Sonoma County’s affordable housing crisis won’t end until we stop seeing homes as strictly investments

Photography by Leilani Clark

Oscar Wilde once said, “A cynic knows the price of everything and the value of nothing.” Wilde’s famous quote is typically referenced when the intrinsic value of life has been stripped away from an object, leaving an empty shell. I think it well applies to the global crisis in housing affordability, a problem that hits close to home since the Bay Area is in the top percentile of crisis epicenters.

Since the beginning of the post-war building boom, Americans in general have become consumed with housing prices at the expense of a broader community context. We’ve bought hook, line, and sinker into the notion of home-ownership as the golden ticket to wealth investment. At the same time, there’s little dialogue about the meaning of housing to our communities and individual well-being. Owner-occupied houses, in some ways, have become like cocoons: they gestate investments that must be protected and value maximized before the well-being of communities.
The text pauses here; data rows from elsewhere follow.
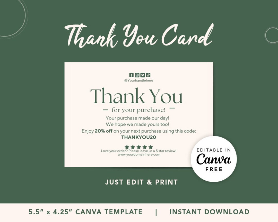 Small Business Thank You Card Template Print at Home Thank Etsy
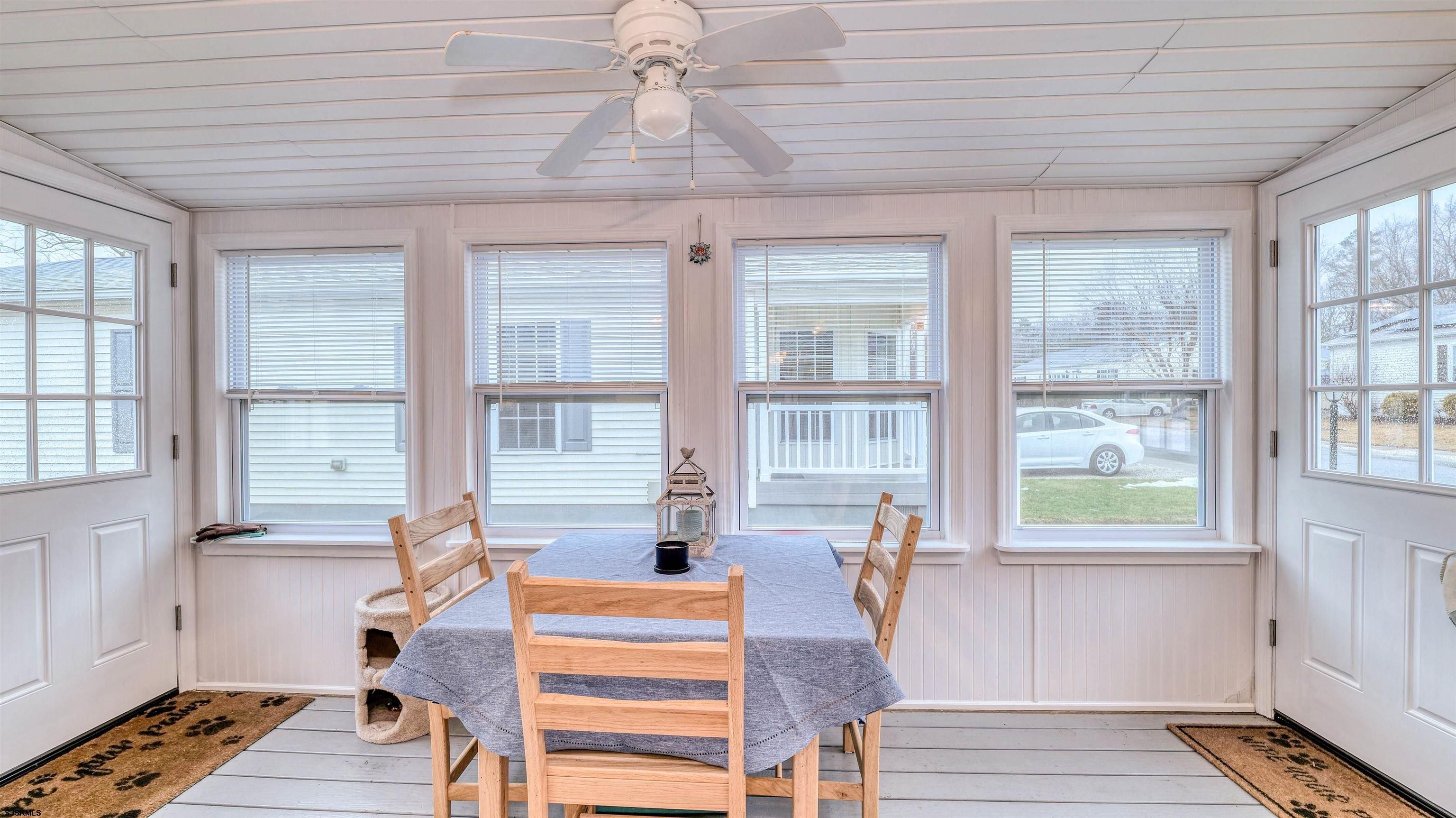 Experience effortless living in this stunning model home, bathed in natural light from expansive windows throughout. The heart of the home is a chef-inspired kitchen featuring a large social island—the perfect centerpiece for entertaining friends and family. The Primary Suite and spacious second bedroom both offer generous closet storage, while the dedicated utility room comes move-in ready with a brand-new washer and dryer. The newly rebuilt 3-season porch (2024) expand your living space and is the perfect private sanctuary for morning coffee or evening unwinding. You will also be able to rest easy knowing both the home and the shed feature a brand-new roof and underwent a green life update ensuring maximum energy efficiency. Located in a meticulously maintained 55+ neighborhood, you are just a short stroll away from the community clubhouse. There, you can take advantage of wellness classes, the library, and other social activities. Relax by the pool, hit the pickleball courts, use the billiard room, or enjoy the fitness center at your leisure. With pristine, sidewalk-lined streets perfect for morning exercise or walking the dog, this home offers the perfect blend of comfort and activity.
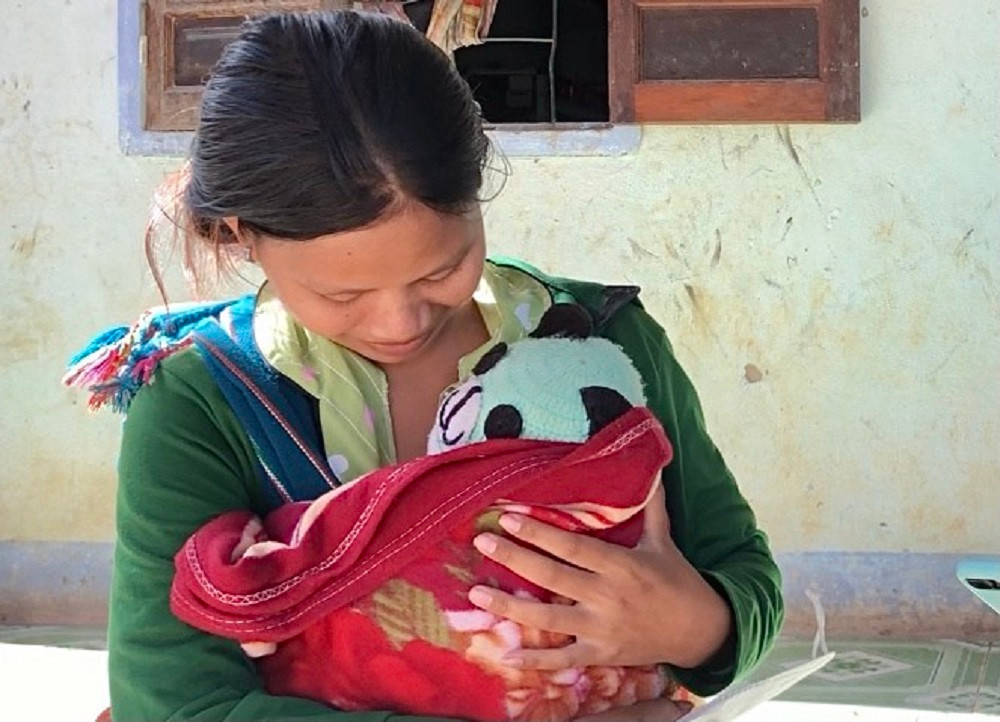 Lùng (16 tuổi) theo chồng về ở bản làng Tuek và đã làm mẹ được gần 7 tháng.

I believe we can place the blame squarely on home finance, home insurance, and real estate brokerage firms, which precipitated the 2008 economic meltdown through a combination of greed and blind allegiance to the idea of a house as, first and foremost, an investment. Home ownership has been pushed as a key route to achieving the “American dream” since the 1950s. Government policy has supported the scheme by offering tax breaks for mortgage interest and guarantees on private mortgages, in addition to artificially keeping interest rates low.
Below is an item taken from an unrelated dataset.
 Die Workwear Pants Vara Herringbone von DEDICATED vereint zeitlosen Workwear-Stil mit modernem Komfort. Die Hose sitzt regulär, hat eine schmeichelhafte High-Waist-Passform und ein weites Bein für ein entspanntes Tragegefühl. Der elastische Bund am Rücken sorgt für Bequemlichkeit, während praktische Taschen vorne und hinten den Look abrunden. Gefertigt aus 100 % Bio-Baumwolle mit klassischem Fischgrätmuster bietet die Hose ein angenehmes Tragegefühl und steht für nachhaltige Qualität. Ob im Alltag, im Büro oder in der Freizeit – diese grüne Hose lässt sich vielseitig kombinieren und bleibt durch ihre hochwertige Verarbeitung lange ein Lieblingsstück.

As it stands, Sonoma County, and much of the U.S., is in an intractable position. Housing prices have reached a point where it’s acceptable for 35 percent of income to go to housing costs, whether one rents or owns. The situation is drastically worse for lower income folks, who can expect to spend more than 50 percent of their income on housing.
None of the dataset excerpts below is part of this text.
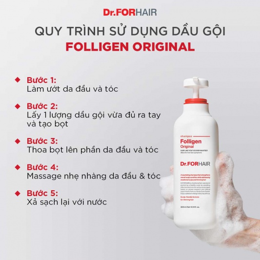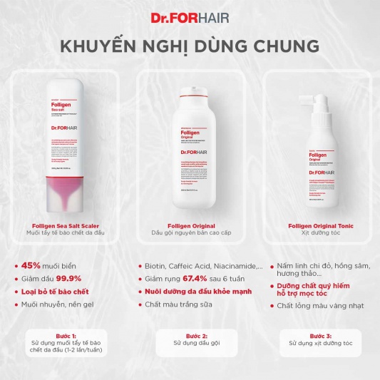 - Sản phẩm Dr.FORHAIR FOLLIGEN ORIGINAL SHAMPOO đạt hiệu quả tốt nhất khi kết hợp cùng Dr.FORHAIR SEA SALT SCALER và Dr.FORHAIR FOLLIGEN TONIC.
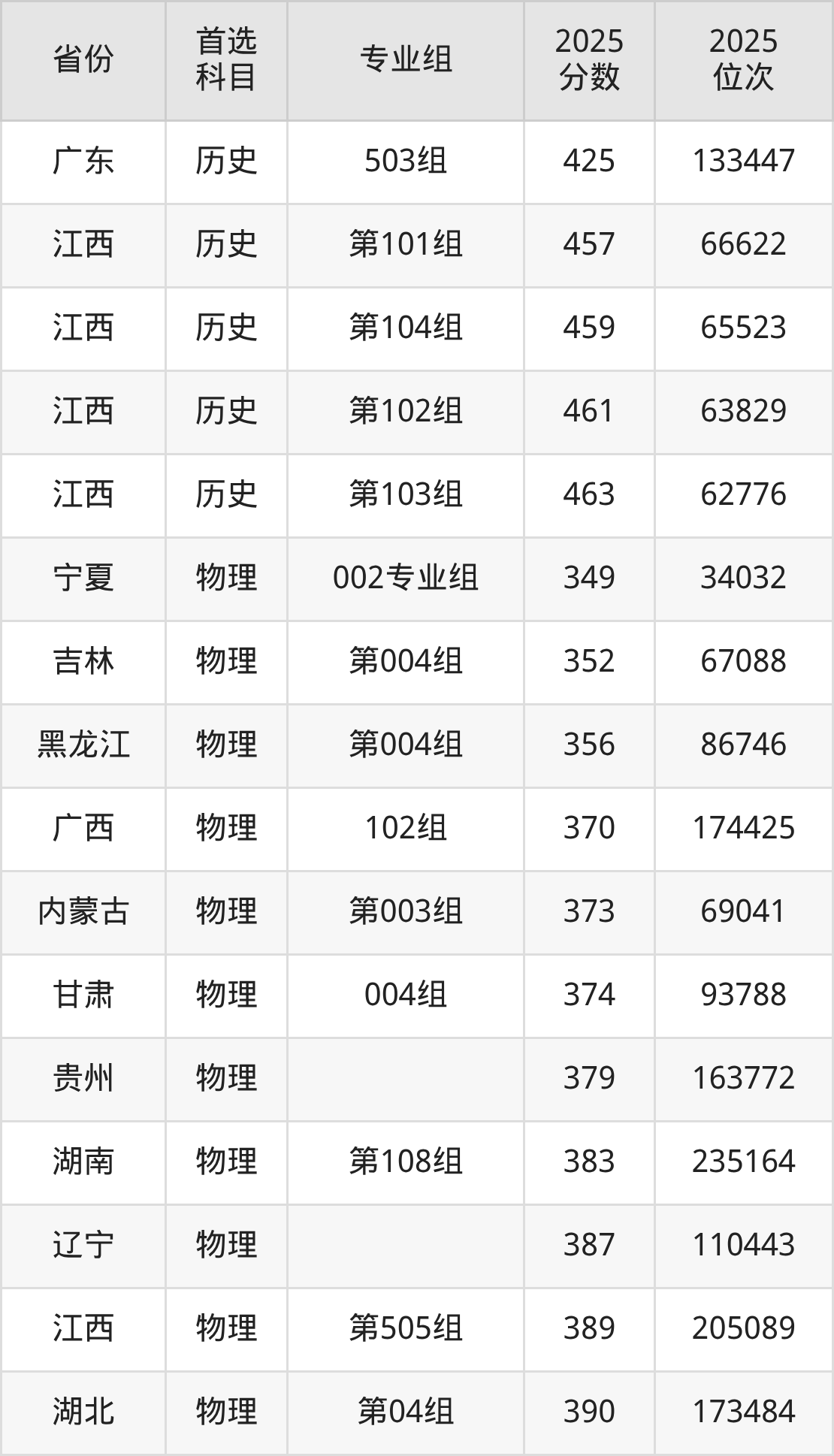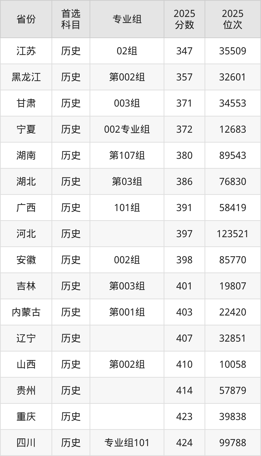 历史类最低分对应地区为江苏(02组),录取位次为35509,超专科线127分;最高分对应地区为江西(第103组),录取位次为62776,超专科线173分。
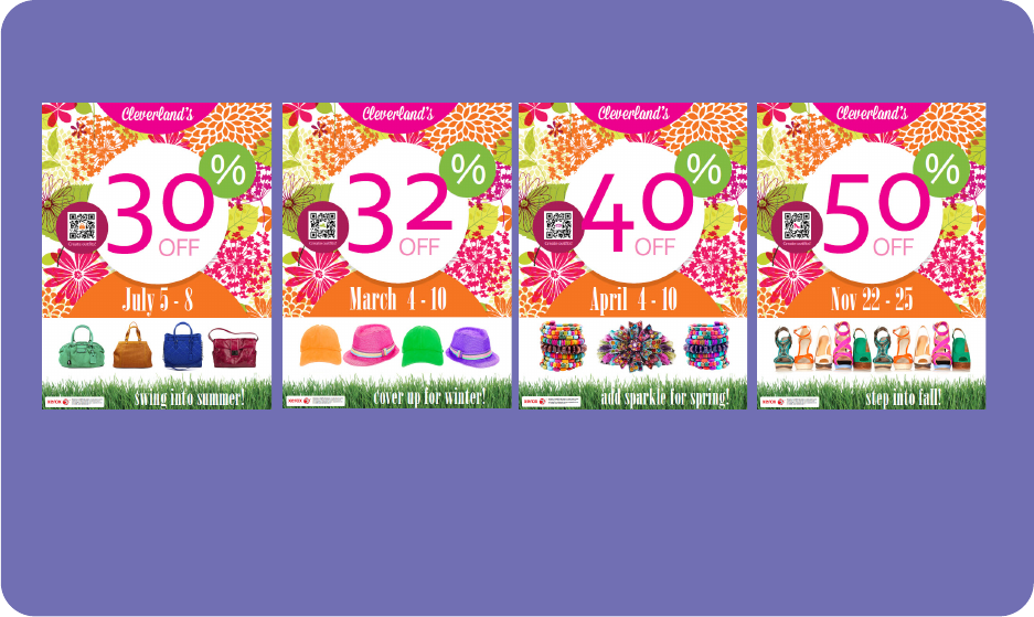 same dates, sales percentages, messaging, imagery, or QR codes.

Solving the housing crisis—and it is a crisis when some families have so little left after paying monthly rental or mortgage costs—seems impossible without some suffering on the part of current property owners, landlords or not.

For quality of life, rule of thumb says that housing prices shouldn’t be more than four times a household’s annual income: In Sonoma County, that’s $66,000. This means the median house price should be around $264,000, an affordable price that would allow for the household to spend the rest of their income on a mix of essentials and non-essentials like healthcare, food, savings, vacations, and investment. According to Zillow, the median house price in Sonoma County is $644,500, nearly ten times the median household income.

So, what needs to happen to correct the ship’s course? Incomes need to either increase triple-fold or housing prices need to decrease almost 60 percent.

In 2012, we were closer to the correction needed when median house prices plummeted to around $300,000. According to Zillow, since then there’s been a 114% increase in median home price vs a 10% increase in median household income.

Of course, not everyone wants to own a home. Renting is an acceptable option, unless rents are too high and availability is scarce. According to the National Low Income Housing Coalition (NLIHC), there are around 75,000 renters in Sonoma County. Fair market monthly rent for a two bedroom home is $1,850 and the household income needed to rent it is $74,000. Considering that more than half the county population earns less than that and 46 percent of the population rents, the deficit of available rental housing appears impossible to correct in the near future.

We’re now forced to reconsider the foundation of our American Dream. Do we emphasize public policy that establishes the value of housing as a common good, whether or not one rents or owns? The alternative is that boom-and-bust cycles will worsen, creating more socio-economic damage. Building more housing will slow down the price increases, but it won’t solve the problem. We’re careening towards the iceberg, just at a slower speed. Let’s make the discussion about housing rights rather than property rights. Otherwise, we’ll continue to support rising property values at the sacrifice of quality of life for all.